Special Police Urban Response(SPUR), later briefly known as Community Police Response(CPR), was a program run by the Etheinian Bureau of Law & Order which existed between 1987 and 2002. SPUR was designed to counter the rampant crime in Etheinian cities at the time, particularly drugs and street gangs, by applying military-style tactics & training to everyday law enforcement duties. SPUR units, which operated in 14 cities and employed 20,000 officers at their peak, worked independently of local police departments and had considerably more freedom in their movements, methods, and activities. They also received equipment and vehicles from the military.

In its early years, the SPUR program was considered a roaring success, managing to arrest unprecedented numbers of criminals, break up several high-profile gangs, and “sanitize” entire neighborhoods of crime & drugs. Later in life, however, SPUR units became notorious for their brutality and corruption, and for the criminal activities many of their officers were involved in, including theft, extortion, drug trafficking, witness intimidation, beatings and rapes of detainees, and reckless, indiscriminate shootings. This culminated in the 1999 Korista City Riots, which was later deemed a police riot by a government investigative panel. One historian would note that “by the end of the millennium, many members of SPUR seemed to be little more than gangsters with badges.”

SPUR was placed under heavy government scrutiny after the riots, and many officers left or were forced to resign. Under the direction of reformist President Alejo Ibáñez, several units were disbanded, with the remainder having their budgets slashed and being placed under the supervision of federal courts. However, relatively few officers were ever tried or convicted for crimes they committed under the auspices of their authority. SPUR was renamed to CPR in an attempt to distance the program from its checkered past, but in 2002 all remaining units were disbanded permanently; it would be replaced by the Local Option Police Supplemental Support(LOPSS) program in 2003. SPUR remains the only police program in Etheinian history to be dismantled due to criminal misconduct.

Background

The waning years of the original Gérard administration saw an unprecedented crime wave affecting Etheinia's largest cities. The national homicide rate per 100,000 citizens had increased by 8% between 1975 and 1985. The number of violent crimes more than tripled in the same time period, and there were corresponding increases in sexual, property, and public order crimes as well. Drug abuse, particularly of heroin and methamphetamine, had reached epidemic proportions in inner-city areas. There was an estimated 4,500 street gangs and 240,000 individual gang members across the nation, engaged in such activities as robbery, carjacking, extortion, illegal gambling, pimping, drug dealing, and contract killing. The average age of a new gang member was 16 years old. Subway trains & buses were considered unsafe to ride at night, and public housing projects - deteriorating for years due to shoddy construction and insufficient maintenance - became so infamous for crime that certain building complexes were nicknamed by residents: among them were "The Rockpile" in Port Sullivan, "Death Valley" in Dzefel, and "Junkie's Corner" in Kiraz.

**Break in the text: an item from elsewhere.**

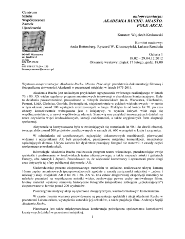 autoprezentacja: AKADEMIA RUCHU. MIASTO. POLE AKCJI. Kurator: Wojciech Krukowski Komitet naukowy: Anda Rottenberg, Ryszard W. Kluszczyński, Łukasz Ronduda Galeria 1 18.02 – 29.04.12.2012 Otwarcie wystawy: piątek 17 lutego, godz. 18.00 Wystawa autoprezentacja: Akademia Ruchu. Miasto. Pole akcji. przedstawia dokumentację filmową i fotograficzną aktywności Akademii w przestrzeni miejskiej w latach 1975-2011. Akademia Ruchu jest unikalnym przykładem ugrupowania twórczego realizującego w latach 70. i 80. XX wieku regularny program anonimowych interwencji o charakterze kontestacyjnym. Były to działania pozacenzuralne, prowadzone w różnych środowiskach (m.in. Warszawa, Ciechanów, Poznań, Łódź, Oleśnica, Ostróda, Świnoujście), niejednokrotnie w cyklach wielodniowych – w sumie w tym okresie ponad 100 wystąpień zrealizowanych w kraju. Praktyka ta od końca lat 70. po czas obecny konsekwentnie wzbogacana jest o inicjatywy, w wyniku których widz staje się współuczestnikiem, a nawet współtwórcą zdarzeń. Stanowią one przykład innowacyjnych działań na rzecz ożywienia więzi środowiskowych, kreacji codzienności, a także oryginalnych form ekspresji społecznej. Aktywność ta kontynuowana była w zmieniających się warunkach lat 90. i do chwili obecnej, tworząc zbiór ponad 200 projektów zrealizowanych w ramach ok. 600 wystąpień w kraju i za granicą. W odróżnieniu od współczesnych, najczęściej dokamerowych manifestacji, pierwszymi widzami i uczestnikami AR byli przechodnie, pasażerowie miejskiej komunikacji, mieszkańcy sąsiadujących domów. Ukryta kamera lub dyskretnie pracujący fotograf nie stanowili z zasady części społecznego przesłania akcji. Równolegle Akademia Ruchu realizowała program teatru wizualnego, przedstawiając swoje spektakle i performanse w środowiskach teatru alternatywnego, a także muzeach sztuki i galeriach Europy, obu Ameryk i Japonii. Powodowało to, że większość komentarzy i opracowań przez długi czas dotyczyła tej sfery publicznej aktywności AR. Siedemdziesiąt procent eksponowanego materiału to unikalne, realizowane ukrytą kamerą 16mm zapisy anonimowych (przeprowadzonych zgodnie z zasadą partyzantki miejskiej – „uderz i uciekaj”) akcji miejskich AR z lat 70. i 80. XX w. Dla celów długotrwałej ekspozycji materiały te należało przenieść na współczesne nośniki wideo, zachowując pewne cechy archiwalnego filmu. Istotny materiał wystawy stanowią historyczne fotografie (niepoddane zabiegom „upiększającym”) eksponowane w formie ponad 200 wydruków. Poszczególne motywy akcji są opatrzone dwujęzycznym, wielkoformatowym komentarzem. W czasie trwania wystawy przewidywane są prezentacje spektakli i akcji Akademii Ruchu w przestrzeni Laboratorium, wystąpienia autorskie jej członków, a także projekcja filmu Andrzeja Sapiji Akademia Ruchu. Planowana jest także międzynarodowa konferencja poświęcona społecznemu kontekstowi kreatywnych działań w przestrzeni miejskiej. 1 Projekty towarzyszące wystawie: Spektakl Akademii Ruchu, Chińska lekcja Laboratorium CSW: sobota 18 lutego 2012, sobota 21 kwietnia 2012, godz. 19.00 bilety: 8 zł – normalny, 6 zł - ulgowy Performance Janusza Bałdygi, Flagi Po-Rzucone Laboratorium CSW: poniedziałek 27 lutego 2012, godz. 19.00 Akcja Akademii Ruchu, Wykład II Laboratorium CSW, sobota 10 marca 2012, godz. 19.00 Performance Jolanty Krukowskiej, Z drogi Laboratorium CSW: sobota 24 marca 2012, godz. 19.00 Pokaz filmu Andrzeja Sapiji Akademia Ruchu Kino.Lab: poniedziałek 20 lutego 2012, godz. 18.30 Indywidualne wystąpienia autorskie członków Akademii Ruchu w ramach programu Pracowni Akademii Ruchu w przestrzeni M2 w CSW w terminach ustalanych na bieżąco od marca 2012 więcej: www.csw.art.pl www.akademiaruchu.com Rejestracja filmowa: Jan Pieniążek oraz Janusz Bałdyga, Cezary Chojnowski, Paweł Kwiek, Władysław Grochowski, Jerzy Karpiński, Jędrzej Jaworski, Andrzej Sapija, Marek Szumski, Mariusz Szachowski Rejestracja fotograficzna: Jan Pieniążek oraz Stefan Okołowicz, Katarzyna Górna, Mariusz Michalski Opracowanie materiałów filmowych: Cezary Chojnowski Konsultacja oraz opracowanie materiału graficznego i fotograficznego ekspozycji: Kuba Bąkowski Współorganizacja wystawy: Stowarzyszenie Przyjaciół Akademii Ruchu Projekt zrealizowany dzięki wsparciu finansowemu: Ministerstwa Kultury i Dziedzictwa Narodowego, oraz Biura Kultury Urzędu Miasta Stołecznego Warszawy Podziękowania: Casearia Trentino S.n.c. Patronat medialny: Gazeta Wyborcza, Aktivist, Exklusiv, Stolica, Elle Decoration Materiały prasowe do pobrania ze strony: www.csw.art.pl zakładka: Biuroprasowe | materiały prasowe Zdjęcia dostępne pod adresem: ftp://cswd.home.net.pl login: media hasło: press katalog: media plik: autoprezentacja Informacje: Zofia Chojnacka, Biuro Prasowe CSW, kom. 510 160 637 tel./faks 22 625 05 22, [email protected] 2

There had been an increase in the number & severity of civil disturbances, as well. In July 1983, exiled civil rights activists Sofi Kevorkian and Fiona Aideen-Sheridan, who had been campaigning internationally for sanctions against the Etheinian regime, were killed on foreign soil when a booby-trap bomb in Kervorkian's car exploded. The bombing was widely believed to have been carried out by Etheinian intelligence agents. An outpouring of grief and anger back home over the deaths of the young activists sparked nationwide riots, which neither the national government nor local police forces were prepared to handle. The riots, which lasted six days before being suppressed, resulted in 61 deaths, 5000+ injuries, 40,000+ arrests, and property damages in excess of $800 million; in Alestin, arson fires came within a kilometer of the Presidential Palace. Smaller incidents of rioting would again occur in several cities between 1984 and 1986, none of which lasted long but still managed to further spook the Etheinian government.

1986 Green Paper on National Policing Reform

In response to the issues of crime & civil unrest, Leonard Adorján, chief of the Bureau of Law & Order, commissioned a study group in 1986 to both determine the causes of the crime wave and to study the efficacy of various solutions. The final report of the group, presented in September of that year, painted a bleak picture of the future. Crime rates, it said, were expected to increase exponentially from 1987 to 2007 due to economic stagnation, unemployment, and high drug availability. It also referenced the (now discredited) superpredator hypothesis to claim that the next generation of Etheinian youths would be more dangerous and commit crimes at a younger age than the previous generation. Commonly proposed solutions, such as expanding the size & budgets of local police forces, were deemed to be insufficient.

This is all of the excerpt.